1. Field of the Invention
The present invention relates to a vertical cavity surface emitting laser and an image forming apparatus using the vertical cavity surface emitting laser.
2. Description of the Related Art
A vertical cavity surface emitting laser (VCSEL) can extract light in a vertical direction relative to a semiconductor substrate. Therefore, a two-dimensional array can be easily formed with VCSELs.
Various industrial applications of a surface-emitting laser array are expected, and for example, if a high-density two-dimensional laser array is used, applications to a high-speed high-definition electrophotographic system are possible. In an electrophotographic process, since stable and minute laser spots need to be formed on a photoconductor drum, a stable operation of a single transverse mode and a single longitudinal mode is necessary as a laser characteristic. By using the surface-emitting laser, a current confinement layer can be provided by selective oxidation in an element to limit a light emission area of an active layer, which realizes single transverse mode formation. However, if single transverse mode oscillation is attempted based only on this method, the oxide confinement diameter needs to be reduced to about 3 μm, which reduced oxide confinement diameter derives a reduced light emission area and thus it is difficult to obtain a large laser output.
Japanese Patent Application Laid-Open No. 2009-147302 proposes a surface-emitting laser as a method for single transverse mode formation under a larger oxide confinement diameter, the surface-emitting laser attains a single transverse mode oscillation at a high output by elongating a resonator to enlarge a diffraction loss of a higher-order transverse mode compared to a diffraction loss of a basic transverse mode.
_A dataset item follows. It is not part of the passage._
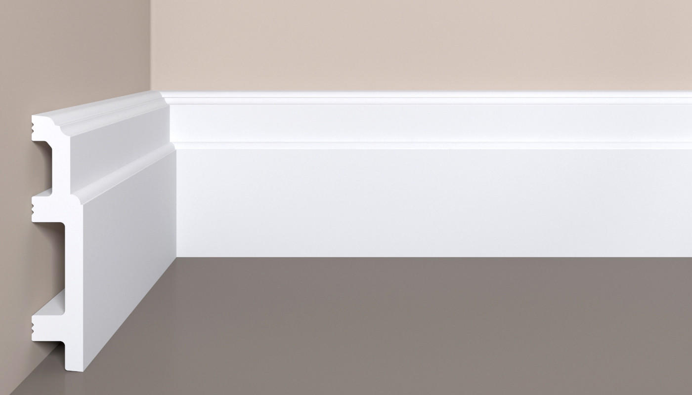 Напольный плинтус произведен из полистирола высокой плотности (XPS), предназначен для внутренней отделки жилых и коммерческих помещений. Профили загрунтованы полиуретановой грунтовкой на водной основе и готовы к окрашиванию. Для покраски плинтусов в различные цвета, краску можно выбрать здесь!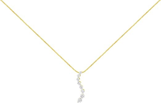 Eight stunning prong set round cut diamonds create a soft wave in this 14k yellow gold journey pendant. Baguette cut diamonds are set into the sides of the pendant giving it an unexpected design element that adds shimmer and elegance to this piece. The 3 carat TDW diamond pendant dangles from a box chain that secures with a spring ring clasp.

The optical layer thickness of a resonator often used in a general surface-emitting laser is about one wavelength or two wavelengths. For example, the physical length of resonator in one-wavelength resonator is conventionally about 0.3 μm in a laser of a 980 nm band used in H. J. Unold et al., IEEE Photonics Technology Letters, Vol. 12, No. 8, August 2000, p. 939-941. Meanwhile, in Unold et al., a spacer layer of 2 to 8 μm is provided in the resonator to increase the resonator length to attain the single transverse mode oscillation with a current confinement layer having an oxide confinement diameter of 7 μm.
S. W. Corzine et al., Photo. Tech. Lett., Vol. 1, No. 3, 1989, p. 52-54 illustrates reducing a threshold current and improving the efficiency by positioning an active layer at a standing wave loop to increase the gain of the active layer.